(Provided material begins)

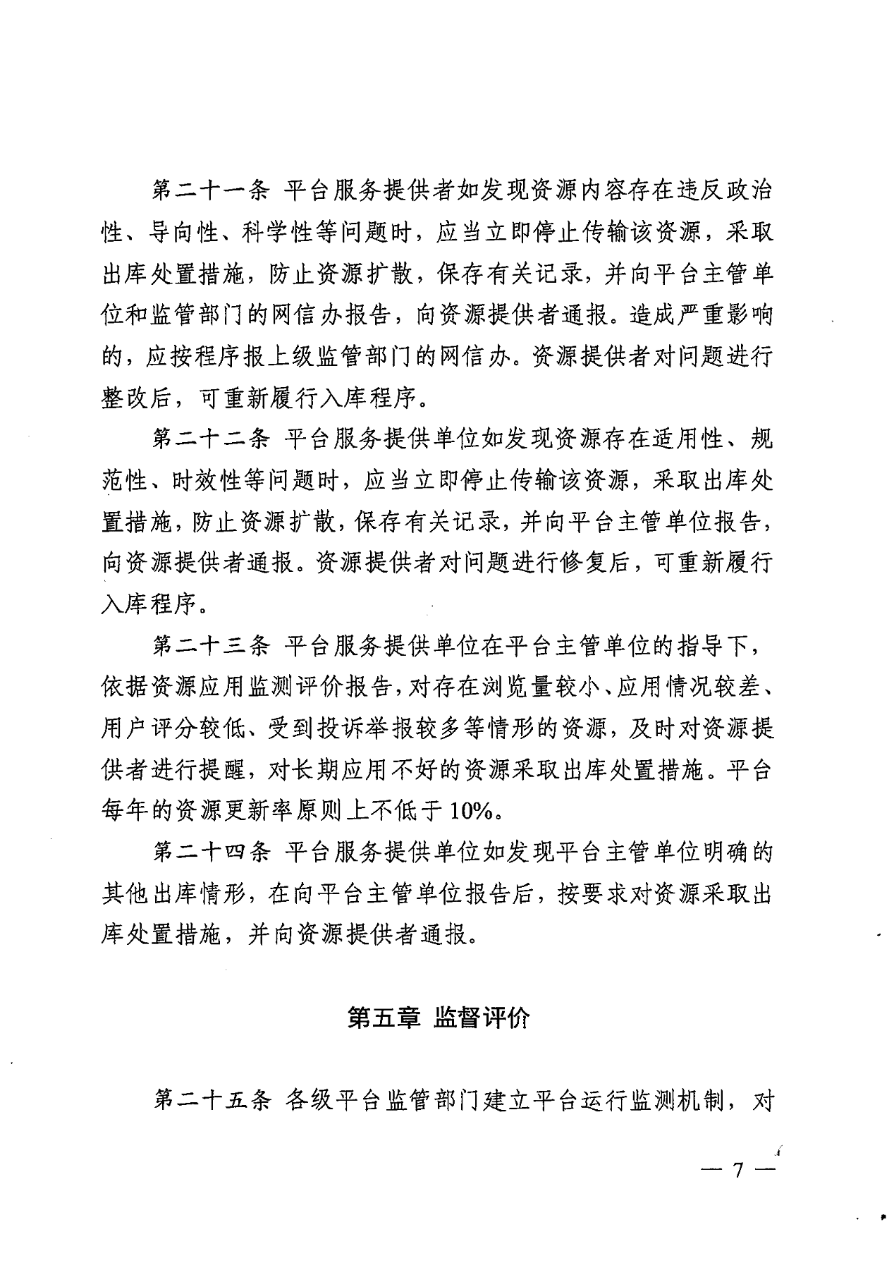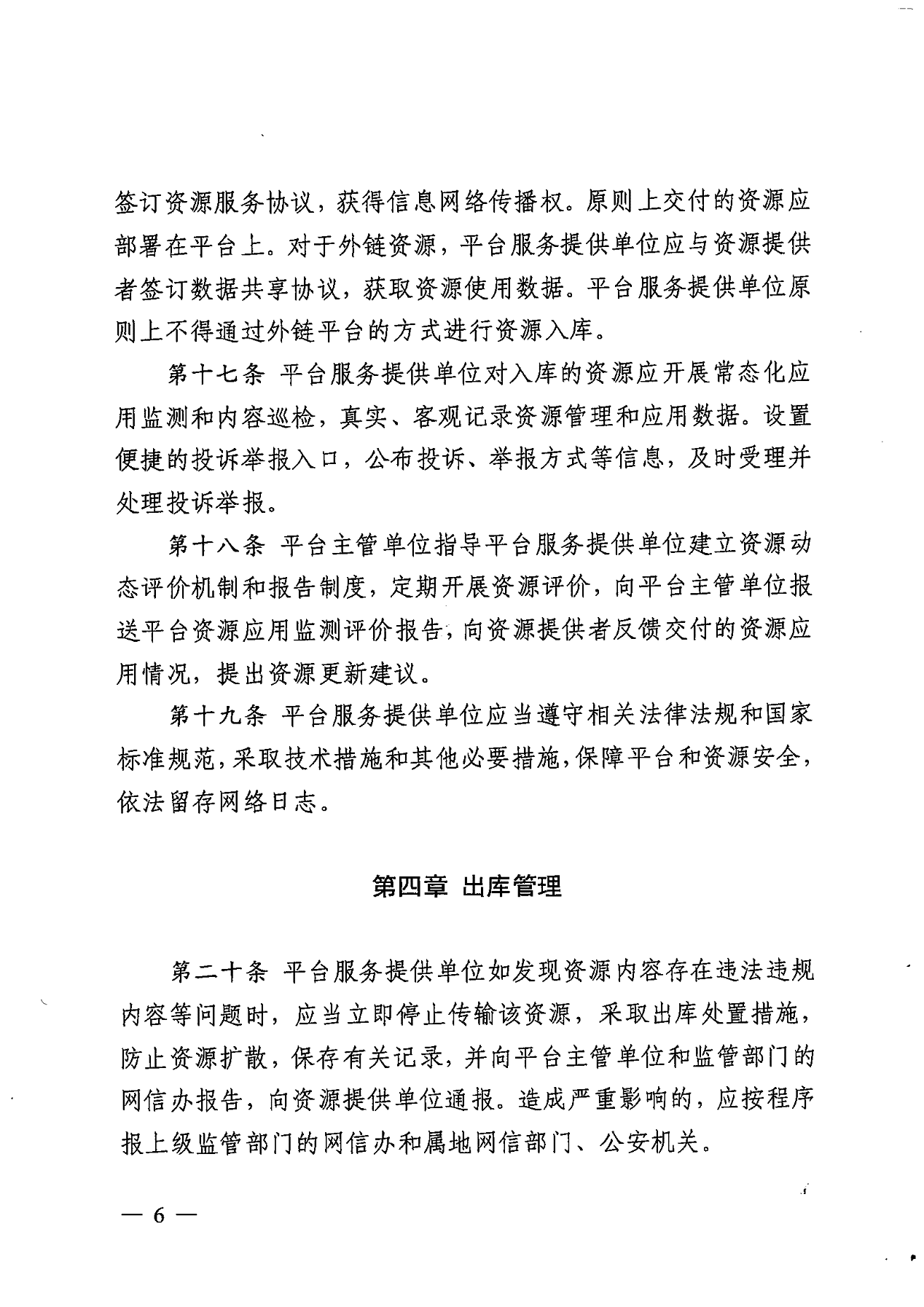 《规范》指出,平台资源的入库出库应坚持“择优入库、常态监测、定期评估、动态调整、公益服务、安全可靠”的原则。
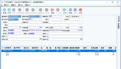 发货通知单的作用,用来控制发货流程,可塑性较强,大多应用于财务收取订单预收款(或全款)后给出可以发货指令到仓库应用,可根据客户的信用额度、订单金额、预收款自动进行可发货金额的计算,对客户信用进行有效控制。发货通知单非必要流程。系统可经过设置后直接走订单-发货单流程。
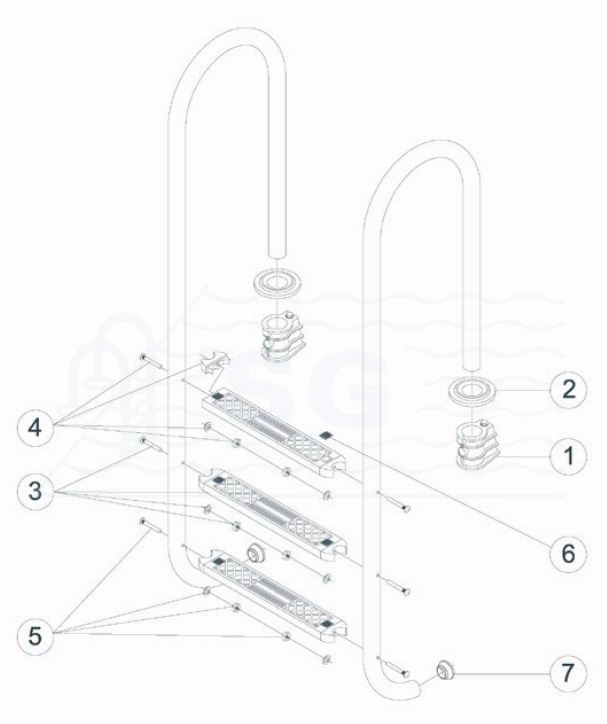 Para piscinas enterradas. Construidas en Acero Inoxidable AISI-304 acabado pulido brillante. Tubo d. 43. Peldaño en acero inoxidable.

(Provided material ends)

* [About this task]
Reproduce the material word for word, minus the images.

* [Solution]
 《规范》指出,平台资源的入库出库应坚持“择优入库、常态监测、定期评估、动态调整、公益服务、安全可靠”的原则。
 发货通知单的作用,用来控制发货流程,可塑性较强,大多应用于财务收取订单预收款(或全款)后给出可以发货指令到仓库应用,可根据客户的信用额度、订单金额、预收款自动进行可发货金额的计算,对客户信用进行有效控制。发货通知单非必要流程。系统可经过设置后直接走订单-发货单流程。
 Para piscinas enterradas. Construidas en Acero Inoxidable AISI-304 acabado pulido brillante. Tubo d. 43. Peldaño en acero inoxidable.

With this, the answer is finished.